● **What you should do**:
Exclude all pictures, and reproduce exactly the lines from the one containing "Mesa de Jantar" through the end of the records, with nothing else added.

● **Extracted data**:
----------
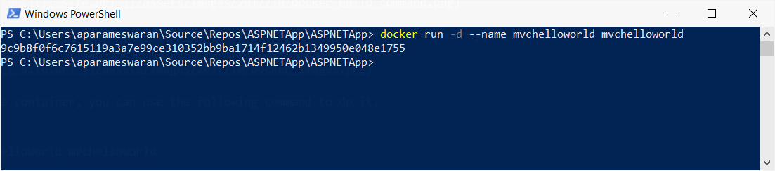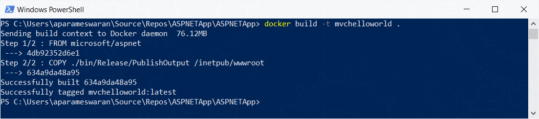 -t 인수는 이미지를 식별하는 데 도움이되는 태그 이름을 지정합니다.이미microsoft/aspnet이미지를이미 다운로드 했으므로빌드 명령이 매우 빠르게 실행되고 이미지가 빌드됩니다.처음으로하는 경우 시간이 걸릴 수 있습니다.
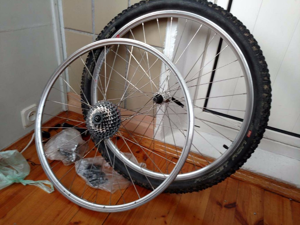 Колеса без резины (на фото одно с) но с эксцентриками ( на фото одно без :)) Резина тоже продается но или как комплект к велу ( https://velokyiv.com/forum/viewtopic.php?f=102&t=167848 ), или за небольшую доплату.
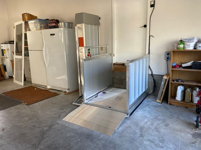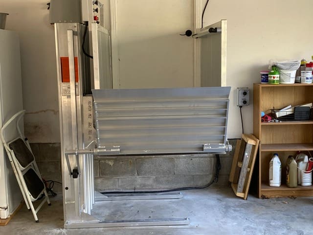 Number Three: Vertical platform lift or small elevators as they are sometimes called can be very useful to access a home where an individual is in a wheelchair or power mobility device full-time. The most common area where the vertical platform lift is used is in a garage, next to a porch or a back deck. They come in multiple heights and allow people to bring their power mobility device onto a platform, push a button and take them to the destination so they can easily access their home. The lifts have a 750 to 850 pound weight capacity which allows the individual, the power mobility device and one other person to fit on these platforms. Multiple call buttons can be added if there are more than two individuals that need to use the platform. The average footprint for a vertical platform lift is 4’ x 6’ so they don’t take up a lot of room.
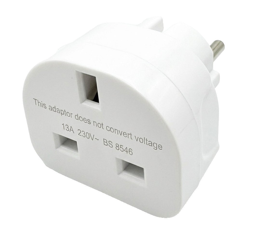 European to UK Plug Adaptor 1Pack, Travel Adapter Eu to UK Plug Adapter with 13A Fuse 2 Pin to 3 Pin Plug Adapter for Converter from France, Italy,Spain,Germany to UK White
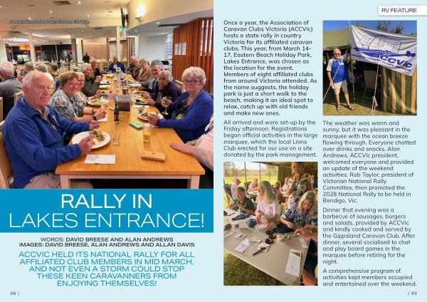 Once a year, the Association of Caravan Clubs Victoria( ACCVic) hosts a state rally in country Victoria for its affiliated caravan clubs. This year, from March 14- 17, Eastern Beach Holiday Park, Lakes Entrance, was chosen as the location for the event. Members of eight affiliated clubs from around Victoria attended. As the name suggests, the holiday park is just a short walk to the beach, making it an ideal spot to relax, catch up with old friends and make new ones.
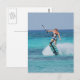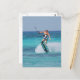 Kitesurfer heben aus dem tropischen Meer Wasser.
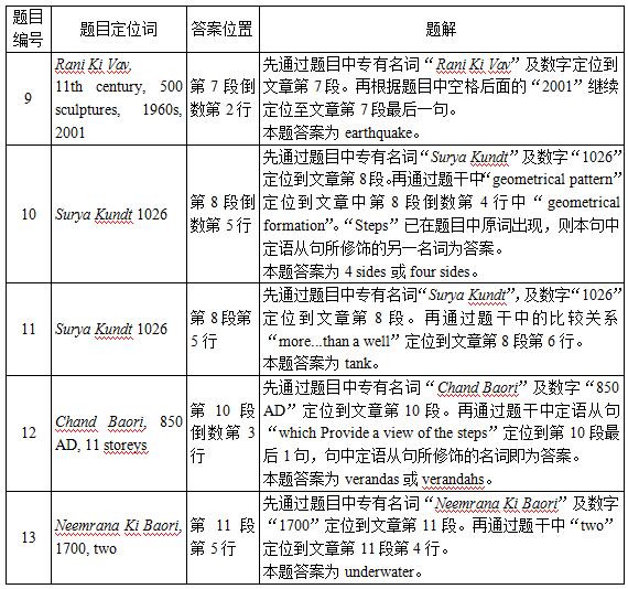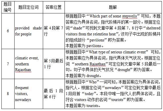 通過表格中專有名詞可迅速定位到文章相應段落。然后根據題目句子中的搭配來判斷缺失單詞的詞性及詞義。
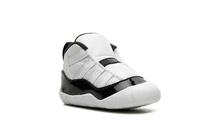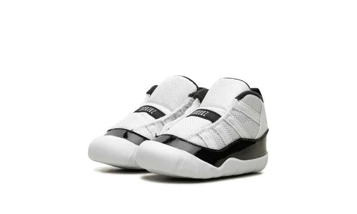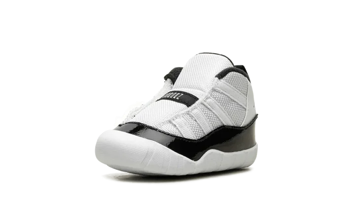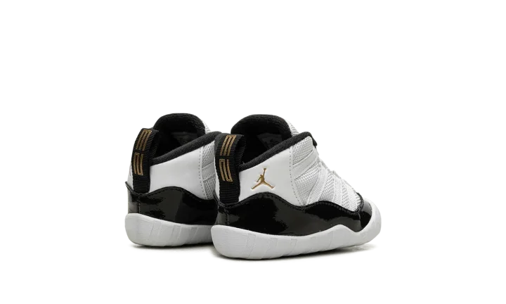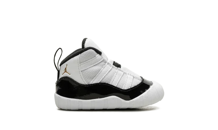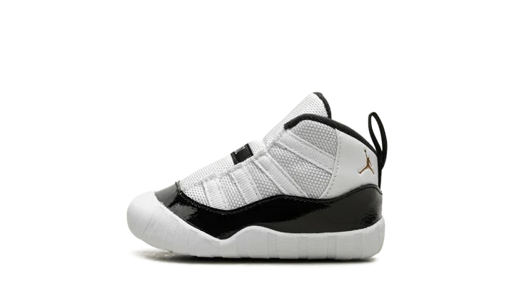 The Air Jordan 11 Crib "Gratitude" is the infant sizing of the Holiday 2023 Air Jordan 11 release. Also nicknamed the "Defining Moment Pack" or simply "DMP" colorway, the Jordan 11 "Gratitude" is based on the retro basketball sneaker's original "Concord" colorway that was worn by Jordan with the Chicago Bulls throughout the team's historic run during the 1995-96 NBA season. The upper features a white ballistic mesh construction with white leather appearing on the heel. A glossy black patent leather mudguard contrasts the shoe's neutral base. Metallic Gold Jumpman branding is found on the collar. Release date: December 9, 2023
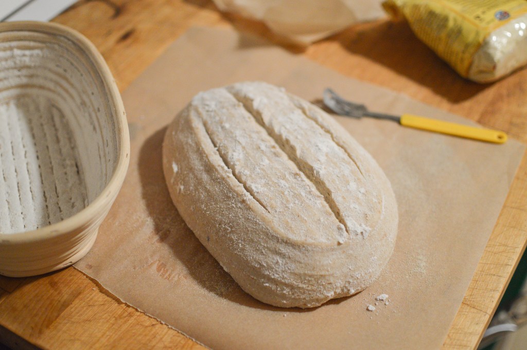 If you want freshly baked bread by midday or even a little earlier, you can start your bread the day before you want to eat it and simply extend the first or second resting period. To extend the first resting period: after you’ve completed your turns on day 1 and let the bread rise for 2–3 hours, put the whole thing, covered, in the fridge overnight. On the morning of day 2, take the dough out of the fridge and let it come back to room temperature, about an hour. Pick the process up where you left off by completing the first shaping. To extend the second resting period: when you’ve shaped your dough for the second time and placed it in its basket, let it rest, covered, for at least an hour before wrapping it well with a kitchen towel or two (not too tightly) to keep it moist while it’s in the fridge. The next morning, take the rested dough out of the fridge and let it come to room temperature—this should take 1-2 hours. At this point you’re ready to bake.
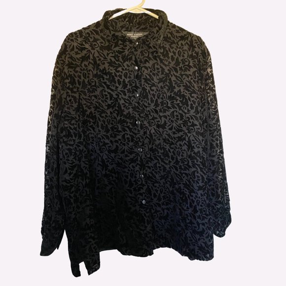 Black Anne Carson Velvet Button-Up Blouse, Size 2X.
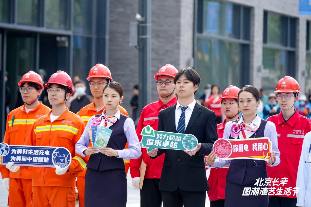 在长辛店国潮时尚街区的依文国潮时尚艺术中心门前,“长辛先锋 劳动赞歌”工装主题大秀率先登场,来自城建、电力、医护等行业的劳动者们身着工装,展现新时代劳动者风采。活动现场邀请丰台区劳模及一线工作者代表观看演出,他们胸前的奖章在灯光下熠熠生辉,成为观众席中亮丽的风景线。
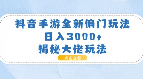 抖音手游全新偏门玩法,日入3000+,揭秘大佬玩法
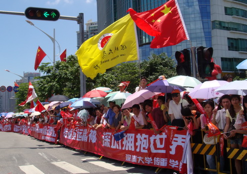 各學院組織師生前來迎接圣火的到來。很多師生上午10點鐘就來到了現場,守候在從深圳大學北門至正門及至西門的路段。校領導江潭瑜、陶士平、阮雙琛、邢鋒、李永華來到現場。“中國加油!”“奧運加油!”的吶喊聲此起彼伏。驕陽如火,師生們熱情更火。很多師生穿著各式各樣的奧運T恤衫,有的將小號國旗、“中國心”貼在面頰、手臂、服裝上,有的手舉小紅旗和五環旗,有的揮著鮮艷的五星紅旗,有的敲鑼打鼓。大家都懷著無比激動的心情來目睹圣火風采?,F場一片歡樂與期待的海洋。
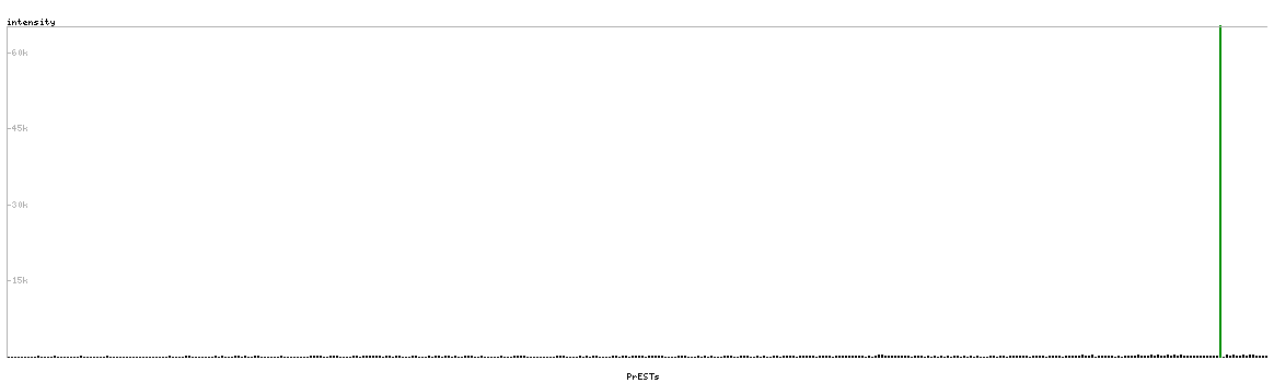 At the top of the view, the position of the antigen (identified by the corresponding HPA identifier) is shown as a green bar. A yellow triangle on the bar indicates a <100% sequence identity to the protein target.
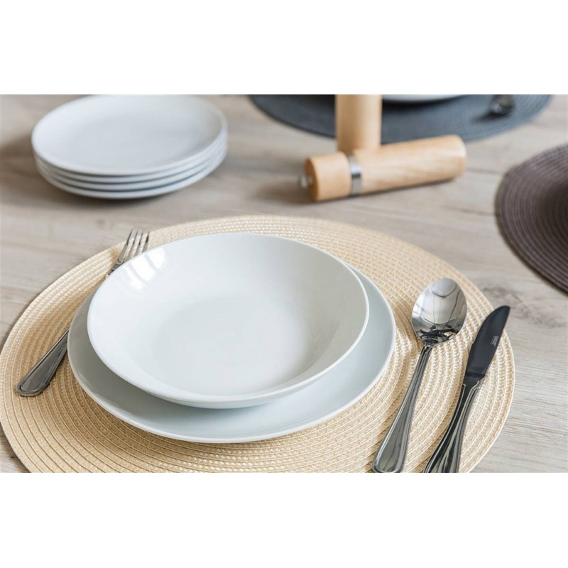 18dílná talířová sada v bílé barvě je vyrobena z porcelánu. Sada obsahuje: 6 x dezertní talíř 19 cm, 6 x hluboký talíř 21,5 cm a 6 x mělký talíř 24 cm. Talíře lze používat do mikrovlnné trouby a mýt v myčce na nádobí.Parametry:
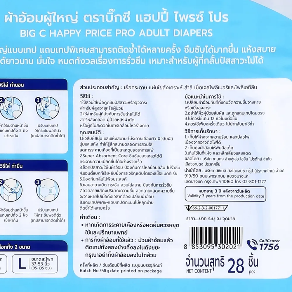 บิ๊กซี แฮปปี้ ไพรซ์ โปร ผ้าอ้อมผู้ใหญ่ ไซส์ M แพ็ค 28 ชิ้น
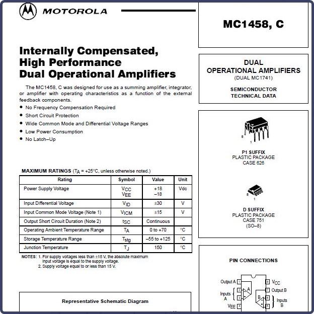 MC1458D MC1458 ( 1458 ) Motorola High-Performance Dual Op-amp NOS
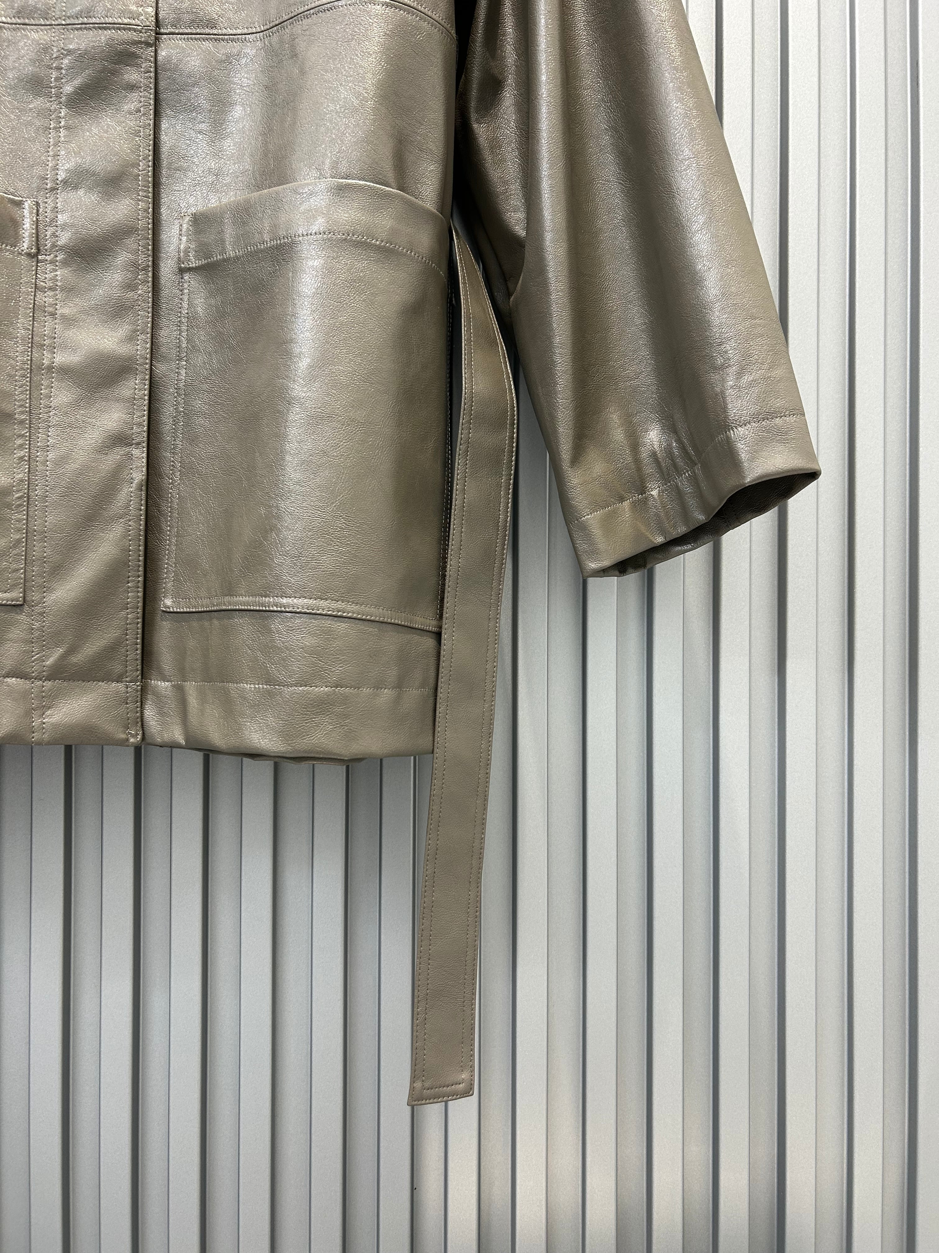 Little$uzie/Vegan Leather Belted Jacket(Clay)
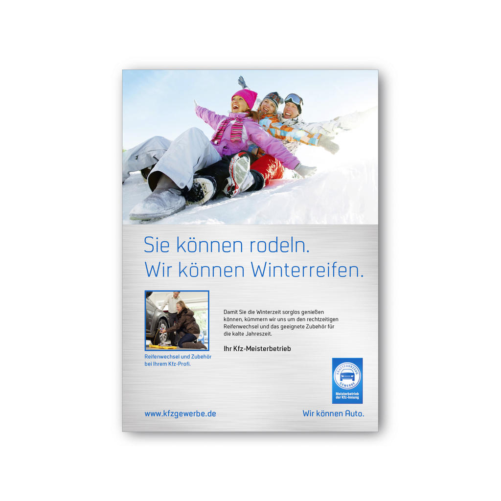 Die Anzeige „Sie können rodeln. Wir können Winterreifen.“ im Format DIN A4 können Sie hier downloaden
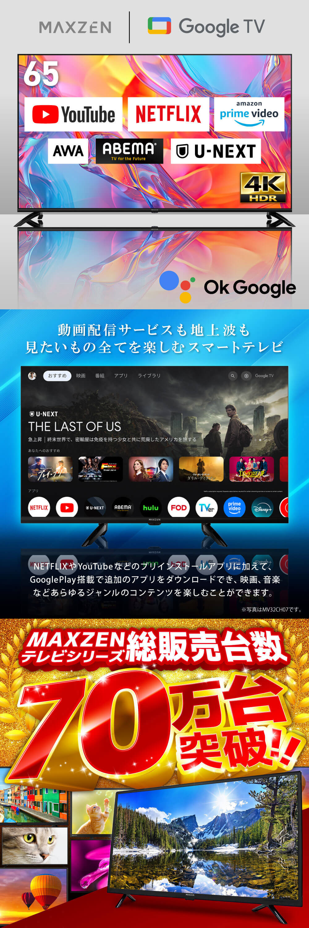 MAXZEN MVU65CH07 [65型 地上・BS・110度CSデジタル 4K対応 液晶テレビ]
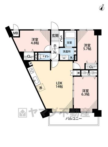 LDK14畳、洋6.3畳、洋5.7畳、洋4.8畳 |
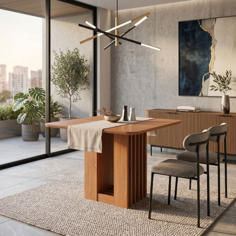 Mesa de Jantar Ariela, Combina modernidade e funcionalidade que transformam sua sala de jantar. Possui estrutura 100% em MDF de 15 e 25 mm. Conta com tampo em MDF de 25 mm (NÃO ACOMPANHA VIDRO) com acabamento Laca, pintura UV e bordas chanfradas (suportando até 40kg distribuídos no tampo). Além de base retangular em MDF de 15 mm com detalhes ripado e sistema de fixação oculto. Modelo quadrado ideal para até 4 lugares (cadeiras não inclusas). Produto será entregue em 02 volumes.
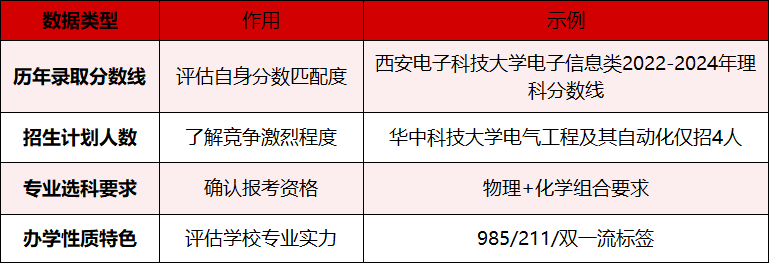 2、多维数据交叉验证:除分数线外,完整的志愿填报系统还应整合招生计划数、专业选科要求(如上海"物化生"组合)、学费标准(如西安电子科技大学电子信息类专业6600元/年)、办学层次(985/211/双一流)等关键信息。
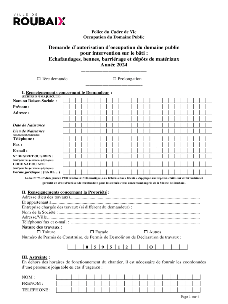 Occupation du Domain PublicDemande authorization occupation Du domain public
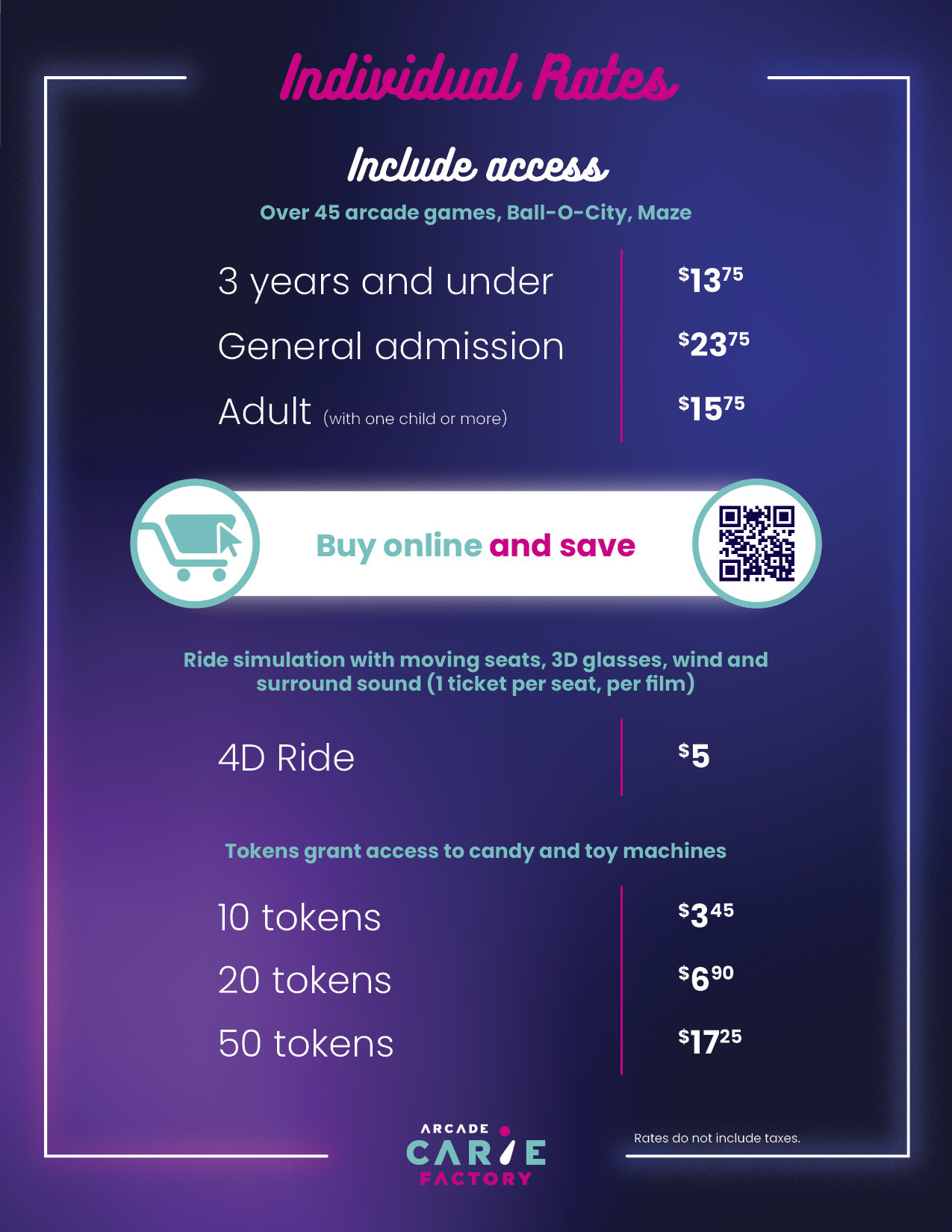 Because memories are the best gifts we can offer, the Arcade Carie Factory gift card is a present that’s sure to please every time. Give your loved ones an unforgettable moment of joy and fun.
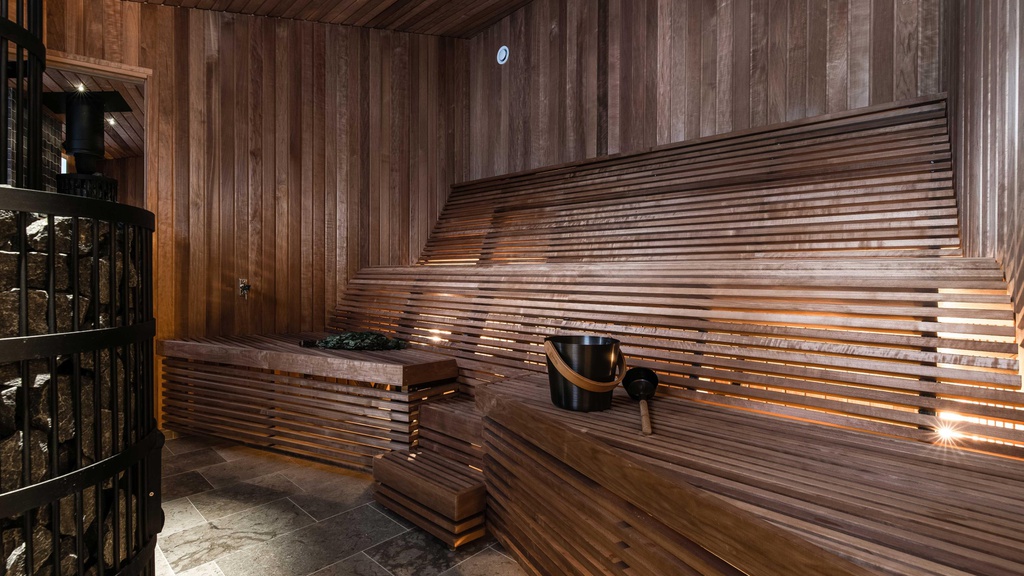 Bên cạnh bồn tắm lạnh ngoài trời, du khách có thể tận hưởng phòng tắm nóng, phòng xông hơi, phòng trị liệu tại đây.
----------
● **Final answer**:
 Mesa de Jantar Ariela, Combina modernidade e funcionalidade que transformam sua sala de jantar. Possui estrutura 100% em MDF de 15 e 25 mm. Conta com tampo em MDF de 25 mm (NÃO ACOMPANHA VIDRO) com acabamento Laca, pintura UV e bordas chanfradas (suportando até 40kg distribuídos no tampo). Além de base retangular em MDF de 15 mm com detalhes ripado e sistema de fixação oculto. Modelo quadrado ideal para até 4 lugares (cadeiras não inclusas). Produto será entregue em 02 volumes.
 2、多维数据交叉验证:除分数线外,完整的志愿填报系统还应整合招生计划数、专业选科要求(如上海"物化生"组合)、学费标准(如西安电子科技大学电子信息类专业6600元/年)、办学层次(985/211/双一流)等关键信息。
 Occupation du Domain PublicDemande authorization occupation Du domain public
 Because memories are the best gifts we can offer, the Arcade Carie Factory gift card is a present that’s sure to please every time. Give your loved ones an unforgettable moment of joy and fun.
 Bên cạnh bồn tắm lạnh ngoài trời, du khách có thể tận hưởng phòng tắm nóng, phòng xông hơi, phòng trị liệu tại đây.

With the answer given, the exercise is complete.